■ **Work task**: In the entries below, find the line with "Die Sitzgruppe in" and the line with "解决方法:更新一下 seaborn 库,在". Reproduce those two lines and every line between them exactly, and nothing more.
[Data for review Boundary: Start]
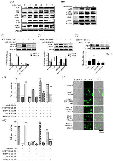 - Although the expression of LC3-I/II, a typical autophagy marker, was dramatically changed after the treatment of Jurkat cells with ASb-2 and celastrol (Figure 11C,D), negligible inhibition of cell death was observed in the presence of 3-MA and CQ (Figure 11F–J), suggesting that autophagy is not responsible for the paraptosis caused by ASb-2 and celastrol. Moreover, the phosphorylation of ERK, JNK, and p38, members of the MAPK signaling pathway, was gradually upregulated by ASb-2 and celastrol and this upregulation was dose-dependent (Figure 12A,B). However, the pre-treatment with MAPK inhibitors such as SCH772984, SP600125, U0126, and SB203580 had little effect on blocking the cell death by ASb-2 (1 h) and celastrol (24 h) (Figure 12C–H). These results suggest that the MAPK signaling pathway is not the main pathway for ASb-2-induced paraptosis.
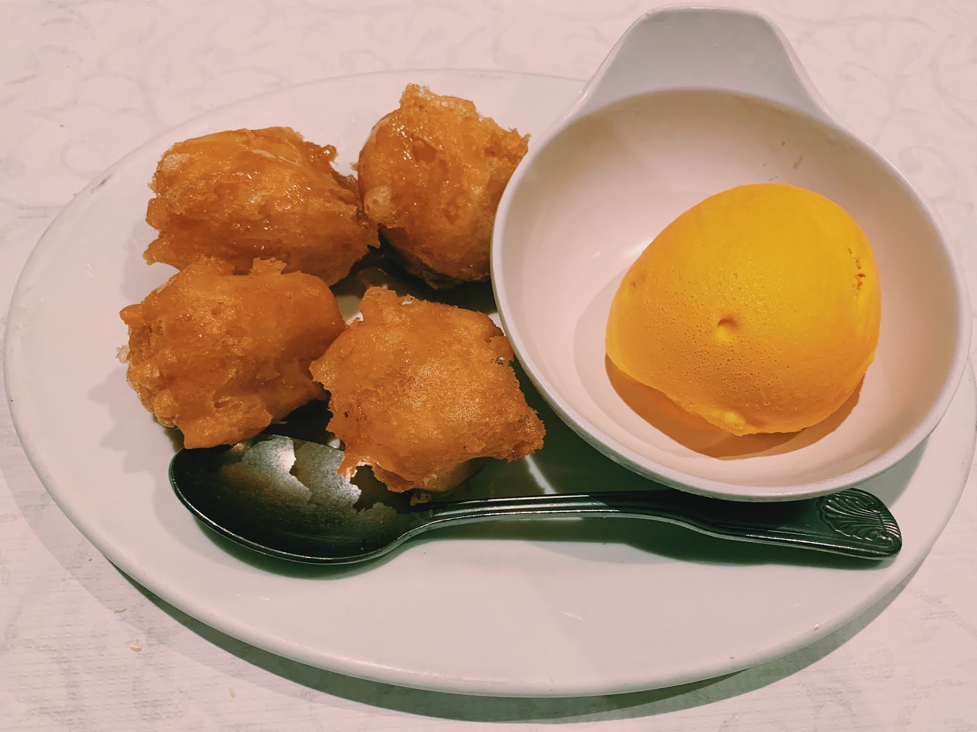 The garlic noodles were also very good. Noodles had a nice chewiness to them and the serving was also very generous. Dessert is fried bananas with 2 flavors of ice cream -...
[Data for review Boundary: End]
[Data for review Boundary: Start]
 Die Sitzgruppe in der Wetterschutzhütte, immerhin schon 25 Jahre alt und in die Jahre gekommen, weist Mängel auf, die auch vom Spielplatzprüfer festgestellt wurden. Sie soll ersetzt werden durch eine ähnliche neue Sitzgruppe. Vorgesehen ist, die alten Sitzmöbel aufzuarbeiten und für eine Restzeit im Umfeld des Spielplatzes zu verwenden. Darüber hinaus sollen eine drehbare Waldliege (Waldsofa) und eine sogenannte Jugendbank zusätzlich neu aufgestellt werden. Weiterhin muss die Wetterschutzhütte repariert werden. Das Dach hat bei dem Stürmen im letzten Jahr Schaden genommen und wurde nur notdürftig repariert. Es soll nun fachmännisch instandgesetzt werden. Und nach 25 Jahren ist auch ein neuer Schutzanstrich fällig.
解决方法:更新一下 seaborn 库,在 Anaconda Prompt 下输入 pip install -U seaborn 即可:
[Data for review Boundary: End]
■ **Solution to the problem**:
 Die Sitzgruppe in der Wetterschutzhütte, immerhin schon 25 Jahre alt und in die Jahre gekommen, weist Mängel auf, die auch vom Spielplatzprüfer festgestellt wurden. Sie soll ersetzt werden durch eine ähnliche neue Sitzgruppe. Vorgesehen ist, die alten Sitzmöbel aufzuarbeiten und für eine Restzeit im Umfeld des Spielplatzes zu verwenden. Darüber hinaus sollen eine drehbare Waldliege (Waldsofa) und eine sogenannte Jugendbank zusätzlich neu aufgestellt werden. Weiterhin muss die Wetterschutzhütte repariert werden. Das Dach hat bei dem Stürmen im letzten Jahr Schaden genommen und wurde nur notdürftig repariert. Es soll nun fachmännisch instandgesetzt werden. Und nach 25 Jahren ist auch ein neuer Schutzanstrich fällig.
解决方法:更新一下 seaborn 库,在 Anaconda Prompt 下输入 pip install -U seaborn 即可:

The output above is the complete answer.